_ABOUT THIS TASK_. Exactly as they stand, give the records below again, with no images.

Stored data entries
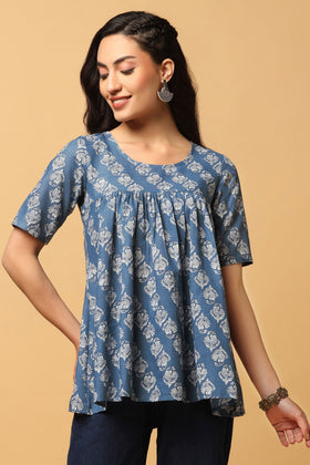 This one’s great for your black denim. Coming with the blue block print design, this half sleeve top is versatile enough to be used with any jewellery. Wear it to college or office any day of the week for a simple, elegant yet Indo-Western vibe. You can also consider wearing some light makeup to enhance your look.
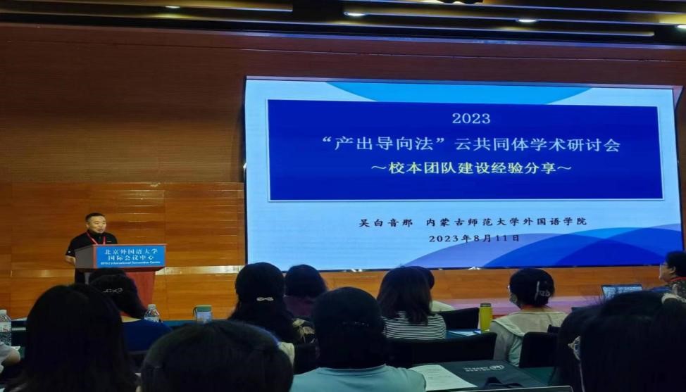 米兰官网英语系吴白音那教授与张婷博士代表团队参加了此次会议。作为“产出导向法”云共同体(一期)的优秀学员、英语系“产出导向法”教师专业学习共同体的牵头专家,吴白音那教授在主会场发言环节就米兰官网“产出导向法”共同体团队的建设过程、建设成效、建设经验以及发展规划做口头报告。张婷老师在讨论环节与在场的专家和外语教育同仁进行了积极的交流。
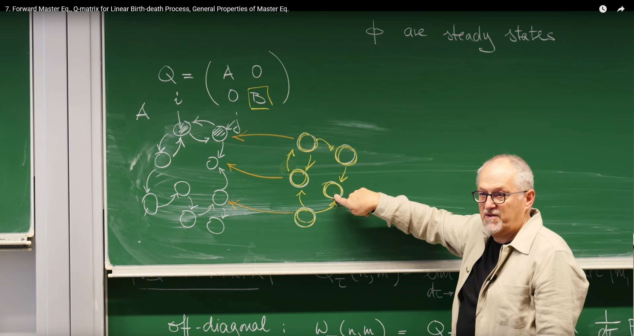 This lecture, led by Professor Erwin Frey, derives that more powerful tool: a differential equation for the instantaneous rate of change of a probability distribution (the master equation). By pushing the finite time step in CK to an infinitesimal limit, we pass from an integral equation about finite-time jumps to a differential equation about instantaneous probability flow. This shift from global to local is both mathematically convenient and physically intuitive.
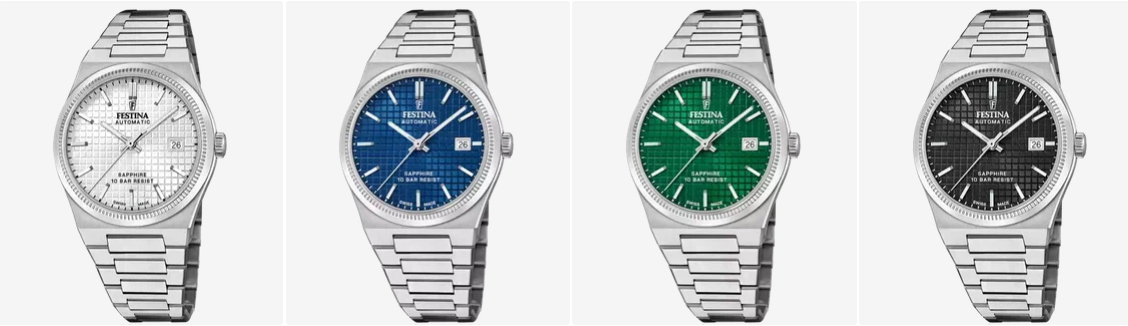 Еще в начале зимы у российского дистрибьютора появились новые модели в стиле спорт-шик. Часы с интегрированным сужающимся браслетом, в стальном корпусе с четко выделяющимся рантом сейчас переживают пик популярности. В Festina к этим качествам добавили узкую полоску насечек на ранте, очень удачную цветовую палитру и несколько вариантов решений.
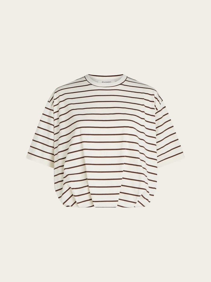 Gestreept T-shirt van Beaumont met korte mouwen, ronde hals en elastische onderzijde. Materiaal: Organic katoen 100%
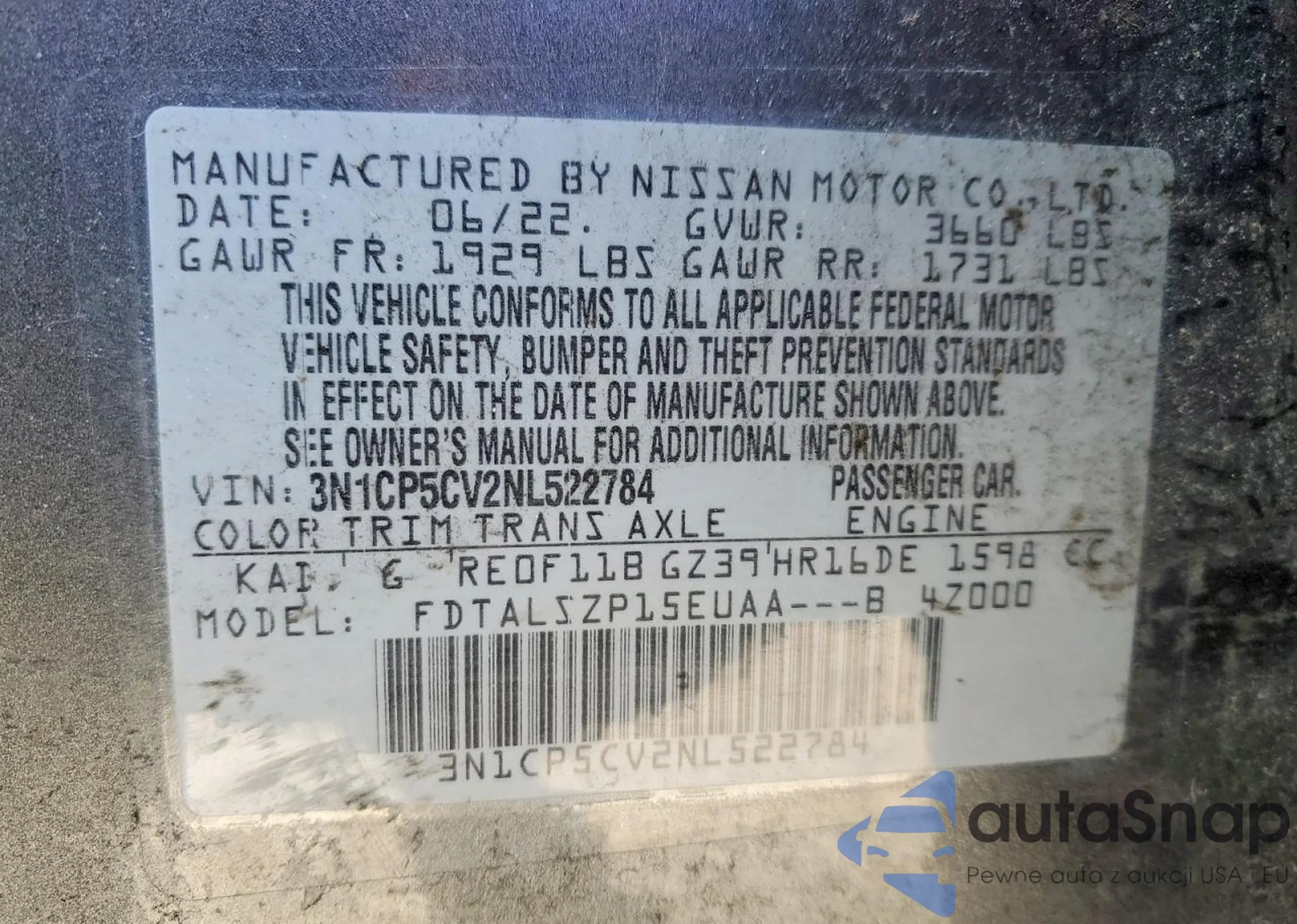 • VIN 3N1CP5DV5NL477483
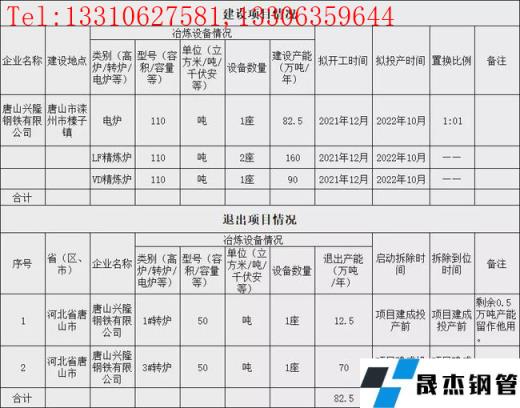 唐山興隆鋼鐵有限公司煉鋼產(chǎn)能等量置換轉(zhuǎn)型升級項目產(chǎn)能置換方案
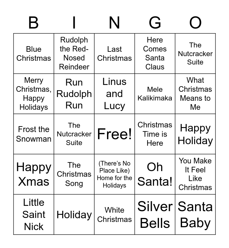 This bingo card has a free space and 49 words: Baby, It’s Cold Outside, Santa Baby, Santa Claus is Coming to Town, White Christmas, The Christmas Song, I Saw Mommy Kissing Santa Claus, Rudolph the Red-Nosed Reindeer, Joy to the World, Merry Christmas, Happy Holidays, Jingle Bells, Run Rudolph Run, Here Comes Santa Claus, You Make It Feel Like Christmas, Oh Santa!, My Kind of Present, Naughty List, Linus and Lucy, Christmas Time is Here, Carol of the Bells, The Nutcracker Suite, The Nutcracker Suite, Silver Bells, Blue Christmas, Mele Kalikimaka, The Chipmunk Song, What Christmas Means to Me, Little Saint Nick, Please Come Home for Christmas, (There’s No Place Like) Home for the Holidays, Happy Xmas, I Want a Hippopotamus for Christmas, Looks Like a Cold, Cold Winter, Ring Christmas Bells, Christmas in Whoville, Holiday, Lovely Day, We Are Family, Thank You, Happy Holiday, This Christmas, Cool Yule, O Tannenbum, Candy Cane Lane, Waltz of the Flowers, Frost the Snowman, Last Christmas, Only Gift, My Favorite Things and Abominable Snowman.
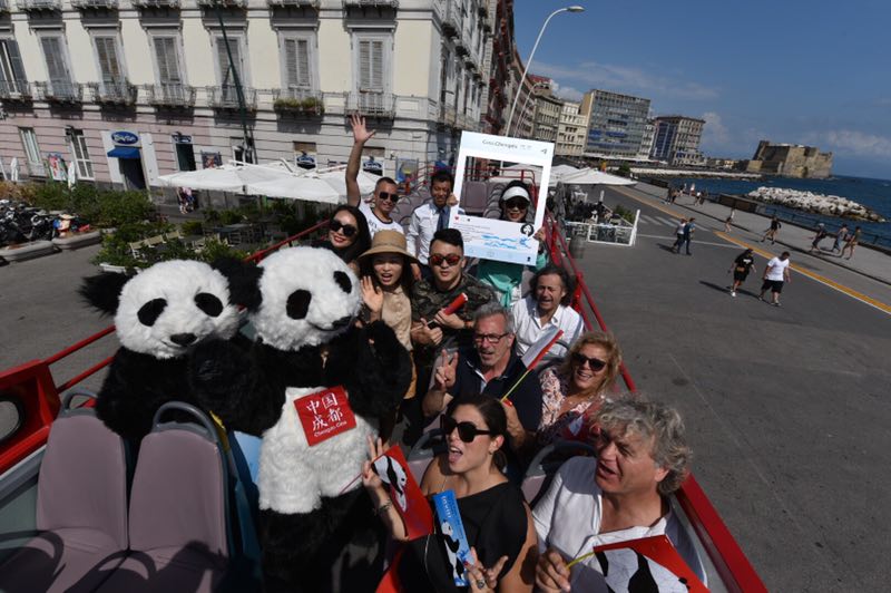 除此之外,馮喆還與兩隻「熊貓寶寶」登上一輛極具成都元素的雙層紅色熊貓主題巴士,向過往的當地市民和遊客熱情地打招呼。「熊貓寶寶」們邀請遊客們登上熊貓巴士,並向大家發出了一份來自熊貓故鄉的邀請——2021年,成都大運會見!這份特殊的邀約,引發了那不勒斯街頭狂歡。來自不同國家,說著不同語言的遊客在這一刻齊聲高呼:「I Iove Chengdu!」
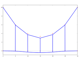 Die Spannweite der Brücke beträgt =30m, die Pylonhöhe AD beträgt =10m. Die Brücke wird durch ihr Gewicht und zusätzlichen Kräften zwischen D und E von =10kN an den Verbindungen mit den vertikalen Seilen belastet. Die Abmessungen von Seilen und Fahrbahn-Querschnitt wählen wir passend.
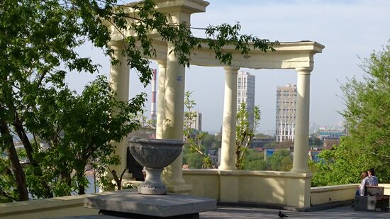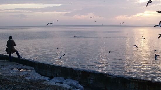 Richtig warm ist es nicht...An der Promenade gibt es jeden Abend Schwimmer und russische Männer turnen an einfachen Turnstangen, die ein paar Tage später verschwunden sind.
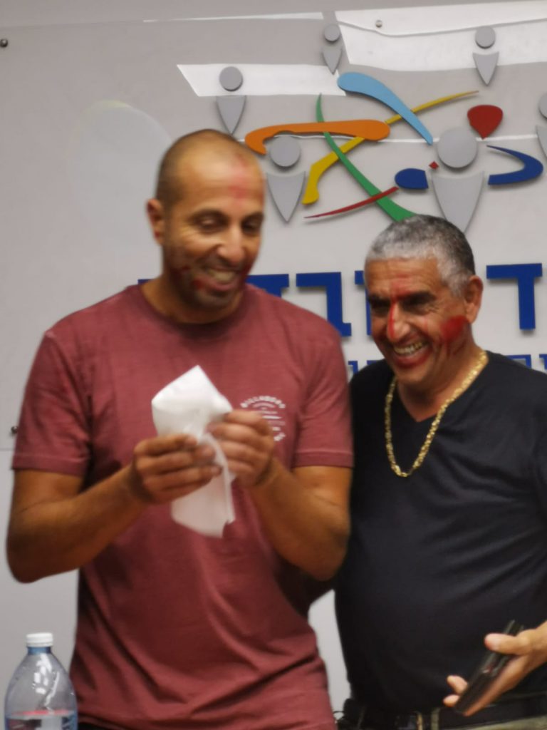 אלא שרגע לפני החגיגות נראה מדהלה כשפניו מדממות, אולם מהר מאוד הבינו הנוכחים כי גדי עוקשי, חברו של מדהלה ומהאנשים המצחיקים ברחובות, צבע את פניו באודם בגוון אדום. מדהלה ההמום, הידוע בחיבתו להומור, "זרם" כמובן עם השיגעון של עוקשי, הנוכחים צחקו, שוקרי ועוקשי היו אמונים על הקטע האומנותי ומלול והצוות של מדהלה על הברכות. שיהיה במזל טוב!
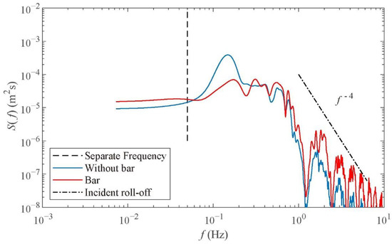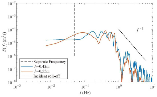 Swash spectra on the plane beach and barred beach are compared under the same experiment condition (Figure 10). On barred beach swash, the roll-off f−4 seems inappropriate (red solid line). Combined with Figure 8, the incident swash roll-off is affected by beach profiles. In the plane beach experiments, roll-off is f−4, while on the barred beach, roll-off is f−3 which is similar to a dissipative beach.
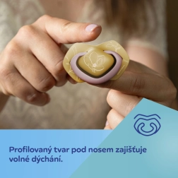 A szimmetrikus csúcs természetesen alkalmazkodik a szájhoz bármilyen pozícióban, támogatja a helyes szájüregi fejlődést és a kényelmes szopást.
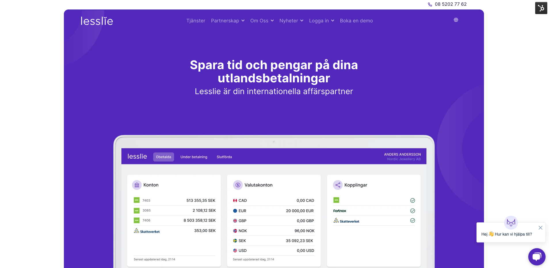 Spara tid och pengar på dina utlandsbetalningar Skip to the main content. 08 5202 77 62 Tjänster Filbetalningar Partnerskap Integrationer Om Oss Kultur Karriär Kontakta oss Nyheter Kundcase Press Logga in Lesslie PAY Lesslie PAY - Portal Boka en demo Svenska English Toggle Menu Svenska English Toggle Menu Tjänster Toggle Menu Filbetalningar Partnerskap Integrationer Om Oss Toggle Menu Kultur Karriär Kontakta oss Nyheter Toggle Menu Kundcase Press Logga in Toggle Menu Lesslie P...
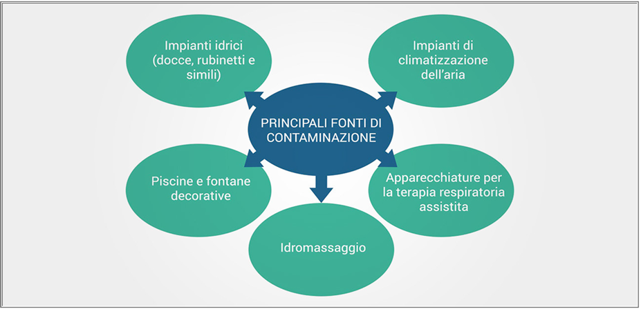 Le installazioni che producono acqua nebulizzata, come gli impianti di condizionamento, le reti di ricircolo acqua calda negli impianti idrico-sanitari, costituiscono dei siti favorevoli per la diffusione del batterio.

_OUTPUT OF THE TASK_.
 This one’s great for your black denim. Coming with the blue block print design, this half sleeve top is versatile enough to be used with any jewellery. Wear it to college or office any day of the week for a simple, elegant yet Indo-Western vibe. You can also consider wearing some light makeup to enhance your look.
 米兰官网英语系吴白音那教授与张婷博士代表团队参加了此次会议。作为“产出导向法”云共同体(一期)的优秀学员、英语系“产出导向法”教师专业学习共同体的牵头专家,吴白音那教授在主会场发言环节就米兰官网“产出导向法”共同体团队的建设过程、建设成效、建设经验以及发展规划做口头报告。张婷老师在讨论环节与在场的专家和外语教育同仁进行了积极的交流。
 This lecture, led by Professor Erwin Frey, derives that more powerful tool: a differential equation for the instantaneous rate of change of a probability distribution (the master equation). By pushing the finite time step in CK to an infinitesimal limit, we pass from an integral equation about finite-time jumps to a differential equation about instantaneous probability flow. This shift from global to local is both mathematically convenient and physically intuitive.
 Еще в начале зимы у российского дистрибьютора появились новые модели в стиле спорт-шик. Часы с интегрированным сужающимся браслетом, в стальном корпусе с четко выделяющимся рантом сейчас переживают пик популярности. В Festina к этим качествам добавили узкую полоску насечек на ранте, очень удачную цветовую палитру и несколько вариантов решений.
 Gestreept T-shirt van Beaumont met korte mouwen, ronde hals en elastische onderzijde. Materiaal: Organic katoen 100%
 • VIN 3N1CP5DV5NL477483
 唐山興隆鋼鐵有限公司煉鋼產(chǎn)能等量置換轉(zhuǎn)型升級項目產(chǎn)能置換方案
 This bingo card has a free space and 49 words: Baby, It’s Cold Outside, Santa Baby, Santa Claus is Coming to Town, White Christmas, The Christmas Song, I Saw Mommy Kissing Santa Claus, Rudolph the Red-Nosed Reindeer, Joy to the World, Merry Christmas, Happy Holidays, Jingle Bells, Run Rudolph Run, Here Comes Santa Claus, You Make It Feel Like Christmas, Oh Santa!, My Kind of Present, Naughty List, Linus and Lucy, Christmas Time is Here, Carol of the Bells, The Nutcracker Suite, The Nutcracker Suite, Silver Bells, Blue Christmas, Mele Kalikimaka, The Chipmunk Song, What Christmas Means to Me, Little Saint Nick, Please Come Home for Christmas, (There’s No Place Like) Home for the Holidays, Happy Xmas, I Want a Hippopotamus for Christmas, Looks Like a Cold, Cold Winter, Ring Christmas Bells, Christmas in Whoville, Holiday, Lovely Day, We Are Family, Thank You, Happy Holiday, This Christmas, Cool Yule, O Tannenbum, Candy Cane Lane, Waltz of the Flowers, Frost the Snowman, Last Christmas, Only Gift, My Favorite Things and Abominable Snowman.
 除此之外,馮喆還與兩隻「熊貓寶寶」登上一輛極具成都元素的雙層紅色熊貓主題巴士,向過往的當地市民和遊客熱情地打招呼。「熊貓寶寶」們邀請遊客們登上熊貓巴士,並向大家發出了一份來自熊貓故鄉的邀請——2021年,成都大運會見!這份特殊的邀約,引發了那不勒斯街頭狂歡。來自不同國家,說著不同語言的遊客在這一刻齊聲高呼:「I Iove Chengdu!」
 Die Spannweite der Brücke beträgt =30m, die Pylonhöhe AD beträgt =10m. Die Brücke wird durch ihr Gewicht und zusätzlichen Kräften zwischen D und E von =10kN an den Verbindungen mit den vertikalen Seilen belastet. Die Abmessungen von Seilen und Fahrbahn-Querschnitt wählen wir passend.
 Richtig warm ist es nicht...An der Promenade gibt es jeden Abend Schwimmer und russische Männer turnen an einfachen Turnstangen, die ein paar Tage später verschwunden sind.
 אלא שרגע לפני החגיגות נראה מדהלה כשפניו מדממות, אולם מהר מאוד הבינו הנוכחים כי גדי עוקשי, חברו של מדהלה ומהאנשים המצחיקים ברחובות, צבע את פניו באודם בגוון אדום. מדהלה ההמום, הידוע בחיבתו להומור, "זרם" כמובן עם השיגעון של עוקשי, הנוכחים צחקו, שוקרי ועוקשי היו אמונים על הקטע האומנותי ומלול והצוות של מדהלה על הברכות. שיהיה במזל טוב!
 Swash spectra on the plane beach and barred beach are compared under the same experiment condition (Figure 10). On barred beach swash, the roll-off f−4 seems inappropriate (red solid line). Combined with Figure 8, the incident swash roll-off is affected by beach profiles. In the plane beach experiments, roll-off is f−4, while on the barred beach, roll-off is f−3 which is similar to a dissipative beach.
 A szimmetrikus csúcs természetesen alkalmazkodik a szájhoz bármilyen pozícióban, támogatja a helyes szájüregi fejlődést és a kényelmes szopást.
 Spara tid och pengar på dina utlandsbetalningar Skip to the main content. 08 5202 77 62 Tjänster Filbetalningar Partnerskap Integrationer Om Oss Kultur Karriär Kontakta oss Nyheter Kundcase Press Logga in Lesslie PAY Lesslie PAY - Portal Boka en demo Svenska English Toggle Menu Svenska English Toggle Menu Tjänster Toggle Menu Filbetalningar Partnerskap Integrationer Om Oss Toggle Menu Kultur Karriär Kontakta oss Nyheter Toggle Menu Kundcase Press Logga in Toggle Menu Lesslie P...
 Le installazioni che producono acqua nebulizzata, come gli impianti di condizionamento, le reti di ricircolo acqua calda negli impianti idrico-sanitari, costituiscono dei siti favorevoli per la diffusione del batterio.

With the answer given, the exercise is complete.